I also played around this week on the wheel. Monday I threw a bunch of pieces, both parts for sculpture (that I hope to start today after I do some unrelated and nagging paperwork) and for some functional pieces I wanted to try. I ordered some new clay at the start of the summer but hadn't yet gotten around to testing for maturity at cone 04. I made a couple plates, a berry bowl and a set of mugs with false bottoms that rattle or open to reveal a separate open section. I saw a similar open-bottomed mug online--or maybe a student shared it with me--that was designed to hold a cookie in the open section below the tea vessel. I'm not sure the result is ergonomic, but I wanted to try it. 


After the first cookie mug, I realized that for a right handed drinker, the handle should probably be to the left of the opening or the cookie (or crumbs) would fall out on the drinker's lap as he or she lifts the mug to drink. Maybe the left-handed cookie mug can be part of a sociological experiment in my kitchen involving tea, cookies and messy laps. We can look for those who subconsciously realize that cookies will fall on their laps and adjust accordingly and those who discover the flaw only when the cookie falls.


I also spent an inordinate amount of time working on a multi-layer vessel which is intended to function as a cosmetics holder in my bathroom. I feel silly for the amount of design that went into the project (which looks like a scented wax burner) but if it works, several hours of studio work will be soon outweighed by the pleasures of eschewing a daily rain of broken powder and projectile mascara when I open the medicine cabinet.


I also under-glazed too much this week.

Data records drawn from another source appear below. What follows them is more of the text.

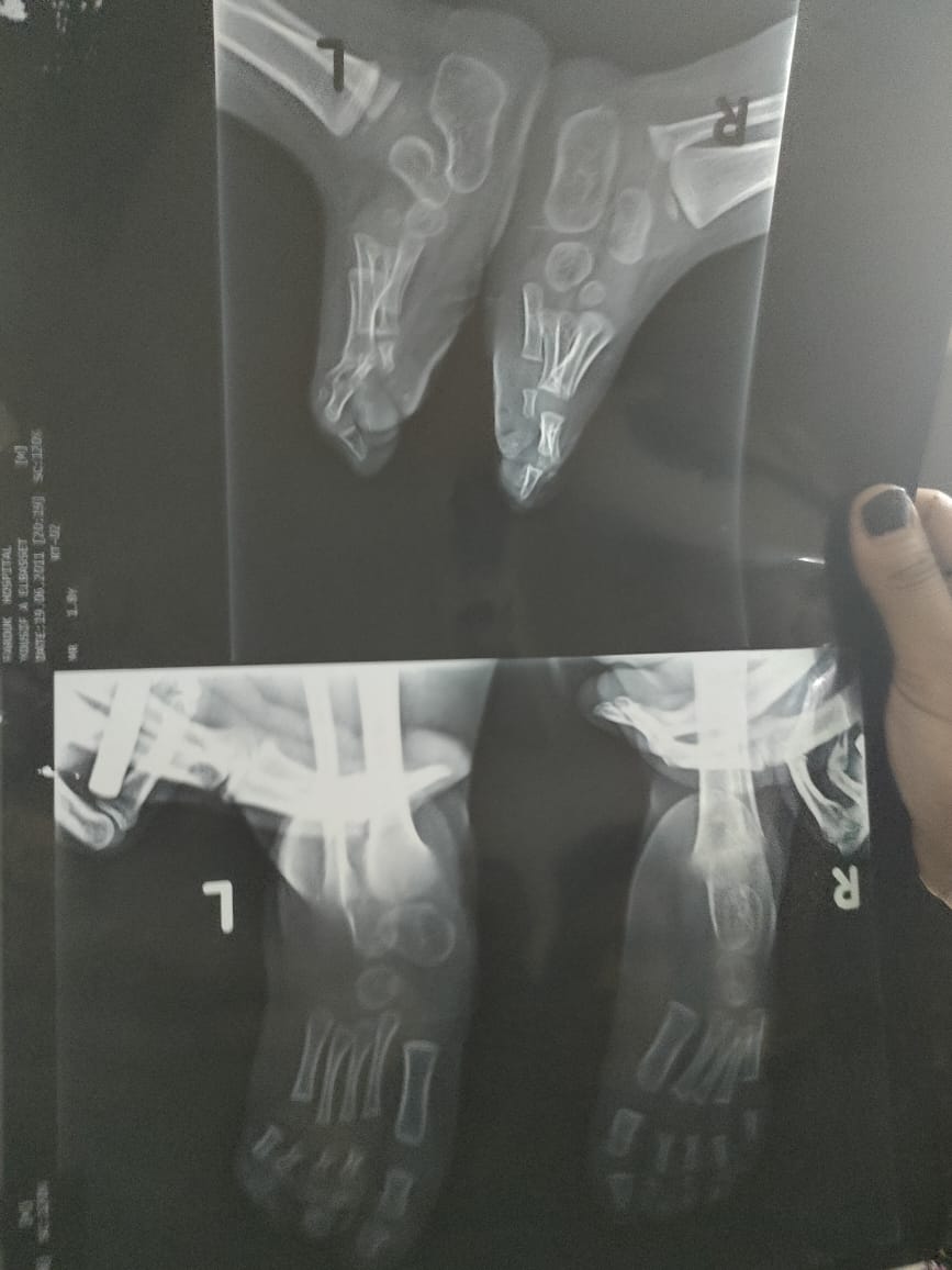 والتقى “القاهرة 24”، بوالد الطفل ويدعى عبد الباسط رمضان، وقال: “بعد ولادة طفلي مباشرة كان يعاني من عيب خلقي واعوجاج في القدمين، فتوجهنا به لأحد الأطباء، وتم إجراء الأشعة وتبين أنه يعاني من عيب خلقي وهو ضمور في القدمين، بالإضافة إلى وجود ثقبين بالقلب”.
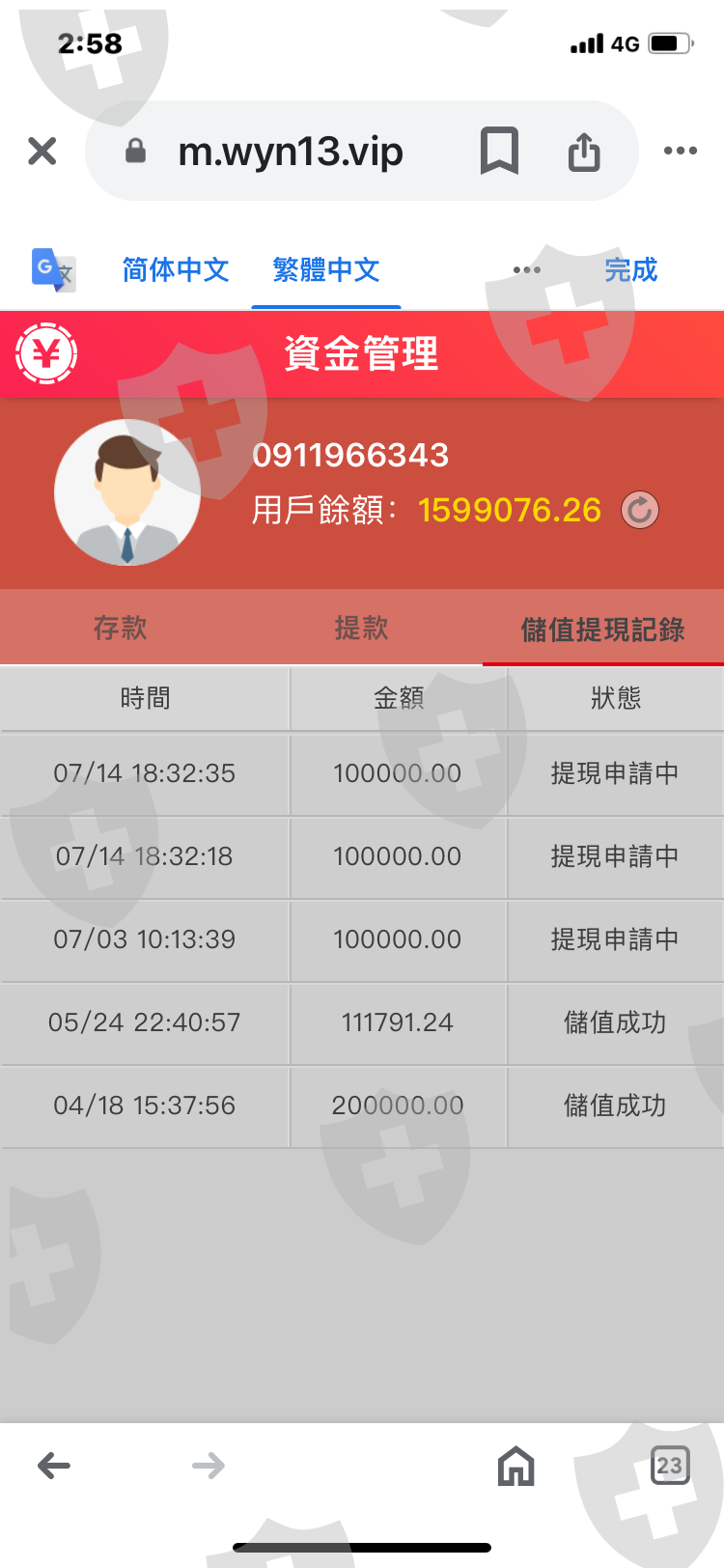 看到網路有這個平台可以賺錢,我就下載,客服也提供網路匯款,我匯款了,要提領錢時,都在審核中,我一共提領三次,三次提領10萬台幣,可是都未收到款,我問客服很多次,客服遲遲不回應,當我再次上這平台,發現我提領的錢,都不見了,原本一百九十多萬,卻變成一百五十多萬,這分明就是詐騙我的錢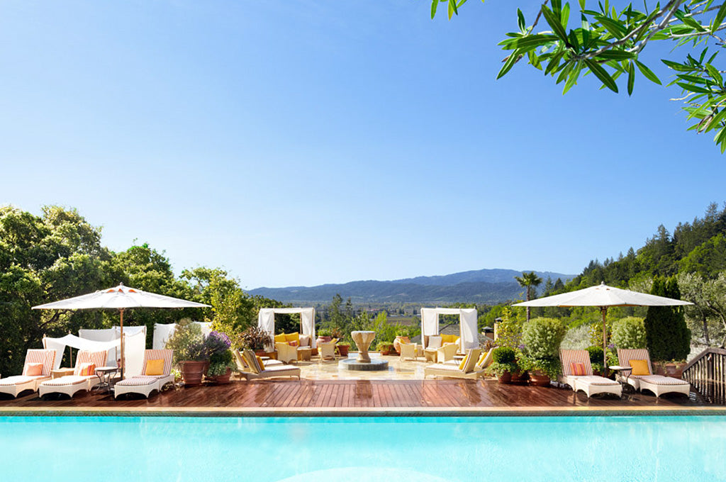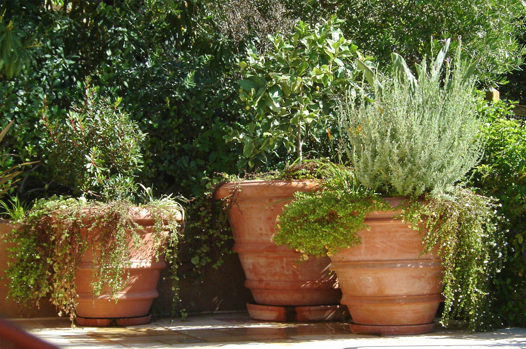 Perched high above the Napa Valley lies the soft-spoken luxury of Auberge du Soleil. This Mediterranean inspired property nestled in a 33 acre olive grove with sweeping vineyard views, meandering paths, dappled sunlight, and age-old olive trees is reminiscent of the hills of Tuscany and is a perfect setting for Seibert & Rice terra cotta pots.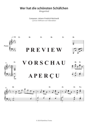 Wer hat die schönsten Schäfchen - Wiegenlied - Noten für Klavier Solo Hoffmann von Fallersleben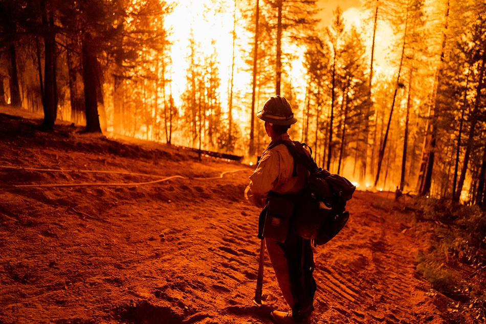 一名消防員在加利福尼亞州昆西附近的迪克西火災控制區內監測火災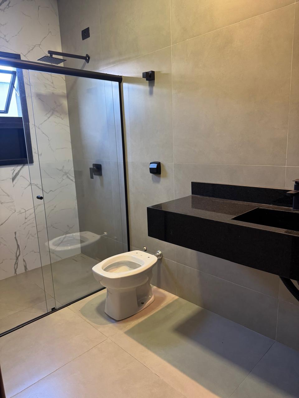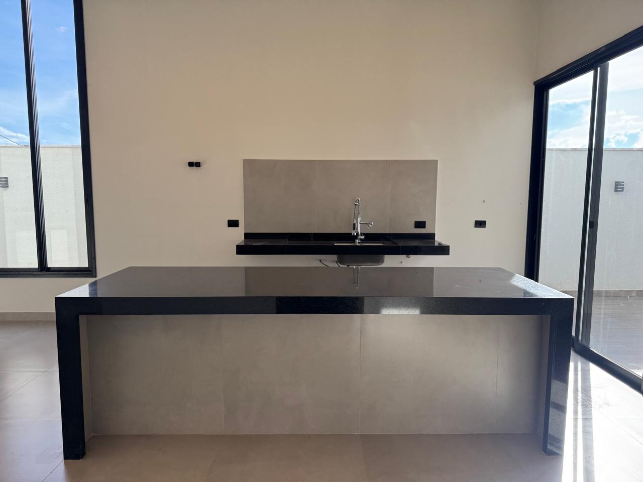 Casa á venda de Alto padrão no condomínio Paris Park, sendo: sala, cozinha em ilha, piso porcelanato acetinado, banheiro social, 3 dormitórios sendo todos suíte, área de lazer gourmet, piscina, área de serviço e Garagem.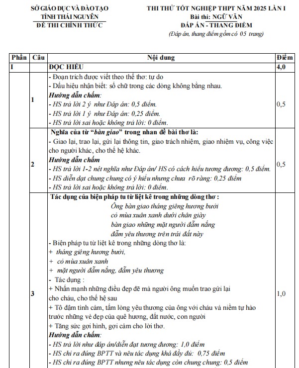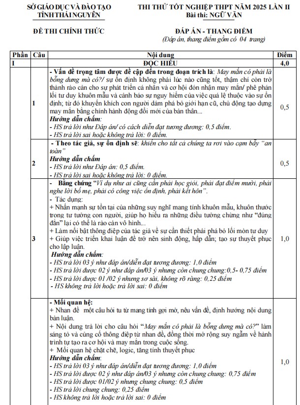 Sở Giáo dục và Đào tạo Thái Nguyên vừa công bố đề thi thử tốt nghiệp THPT năm 2025 môn Văn, nhằm giúp học sinh lớp 12 rèn luyện và đánh giá năng lực trước kỳ thi chính thức. Đề thi được xây dựng bám sát cấu trúc và mức độ của đề tham khảo do Bộ GD&ĐT công bố, bao gồm đầy đủ các dạng câu hỏi. Bài viết cung cấp đầy đủ đề thi, đáp án hỗ trợ học sinh ôn tập hiệu quả trong giai đoạn nước rút.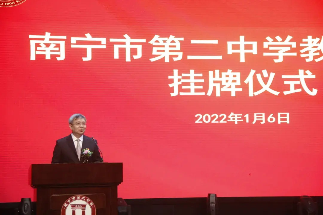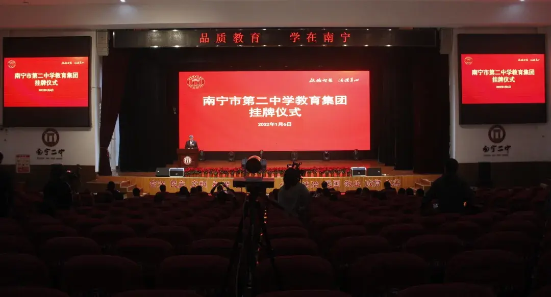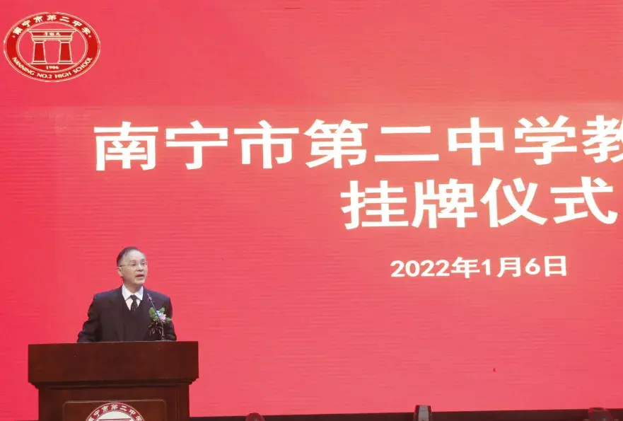 为深化教育体制机制改革,充分发挥广西省南宁市优质教育资源的引领和辐射作用,扩大优质教育资源覆盖面,大力促进教育公平,推动教育优质均衡发展,扎实推进集团化办学工作,2022年1月6日,广西省南宁市第二中学教育集团正式挂牌成立。市委教育工委书记,市教育局党组书记、局长汪述斌出席仪式并致辞;市委教育工委委员、市教育局党组成员、副局长章志宏,南宁二中校长黄幼岩、党委书记徐华参加挂牌仪式。

The glazing process can expand or shrink to fit the time allotted. I should really just underglaze 30 minutes a day during the year, so I can stop wasting hours on this mindless task during my summer studio time. I might have to lock up the glazes, though, because the alluring idea of getting some glazing done always tricks me into spending more time than I initially planned; I sit down for 20 minutes between tasks and suddenly its two hours later and all I've done is laundry and under-glazing.


Before it got too hot, I took several nice walks with my daughter to look at flowers (and other detritus). I keep seeing forms that make me want to work in the studio (but I somehow keep lacking the motivation to actually get them done).